Шаг 6. Аналитики и команда
Хотя многие инструменты помогают подразделениям SOC быстрее реагировать и обеспечивать лучшую видимость, люди по-прежнему являются наиболее важной частью SOC. Автоматизация повторяющихся задач не снижает значимости специалистов-аналитиков. Однако мотивировать сотрудников SOC достаточно сложно. Рабочие задачи специалистов нижнего уровня рутинны, что может привести к высокой текучке кадров, если отсутствуют перспективы карьерного роста. Квалифицированный аналитик SOC должен иметь обширные теоретические и практические знания об общей ИТ-инфраструктуре, включая сетевые устройства, устройства безопасности, протоколы, серверы и распространенные операционные системы. Кроме того, аналитики должны знать механику систем управления и обработки событий и тактики, техники и процедуры противников (TTP). Этим навыкам можно научиться в том числе с помощью тестирования на проникновение и редтиминга.

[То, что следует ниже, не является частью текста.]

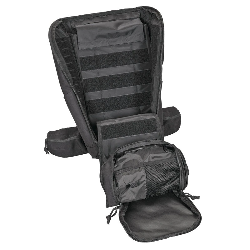Deployment backpack for undercover deployments or civilian use. The main compartment of the backpack can be opened completely from the front or back side, and the hook and loop partition can be removed all together if need be. The back and side panels of the main compartment feature MOLLE hook and loop patches for customizable configurations. The backpack has a large lid compartment and organizer pockets on the sides. The lid compartment features hook and loop panels for magazine pouches. The hip belt with zipper pockets on the hip flaps can be removed. In the bottom panel of the backpack is a signal flap for emergency unit patches, which can be quickly fastened to the hook and loop front of the pack if need be. All zippers on the backpack are lockable.

Центр киберустойчивости группы компаний Angara
Поскольку угрозы становятся все более изощренными и могут за короткое время перерасти в крупномасштабные инциденты, киберзащита должна поддерживаться на всех стадиях рабочего процесса и строиться по многоуровневому принципу. Это обязывает подразделения SOC стать более гибкими и активными. В то же время они борются с огромными объемами данных и неуправляемыми рабочими нагрузками. Переход к более оперативной защите требует изменений в технологиях и процессах подразделения SOC.
При создании SOC организация уже должна иметь зрелую политику безопасности, которую она выполняет. SOC способен только дополнять программу безопасности, но не заменять ее. Подразделения SOC зависят от существующих технологий защиты для блокирования обычных угроз и сбора данных с целью дальнейшего анализа.
Для повышения эффективности своей работы подразделения SOC должны использовать новые технологии, прежде всего с целью минимизации количества повторяющихся событий, которые необходимо анализировать вручную, увеличения качества их анализа и скорости реагирования на инциденты.
Так, на сегодняшний день Центр киберустойчивости группы компаний Angara включает следующие практики:
-
коммерческий SOC, являющийся центром ГосСОПКА класса А;
-
автоматизация процессов ИБ в части организации мониторинга событий (SIEM/SEM);
-
обогащение процессов ИБ сторонней аналитикой (TI(P) & Security Feeds);
-
мониторинг и управление инцидентами ИБ (SIEM/IR(P)) [On-Premise & Outsource];
-
автоматизация управления и реагирования на инциденты ИБ (IR(P)/SOAR) [On-Premise & Outsource];
-
визуализация и контроль метрик эффективности ИБ (Security Intelligence);
-
автоматизированная атрибуция угроз (Angara Crawler) [MITRE ATTACK®, SHIELD®, БДУ ФСТЭК];
-
защита бренда;
-
выездные расследования и форензика (DFIR);
-
аналитическое сопровождение по модели MSSP для Sandbox/EDR.
Некоторые средства реактивной защиты можно автоматизировать, но организация должна знать и осознавать свои риски в части ИБ и иметь качественную экспертизу. Возможно предоставление внешней экспертизы путем замещения функциональных ролей SecOps сотрудниками Центра киберустойчивости по различным моделям партнерского взаимодействия. У нас также есть опыт выполнения функций реагирования на подозрения на инциденты ИБ, которые направляет сторонний SOC.
Источник: «Информационная безопасность».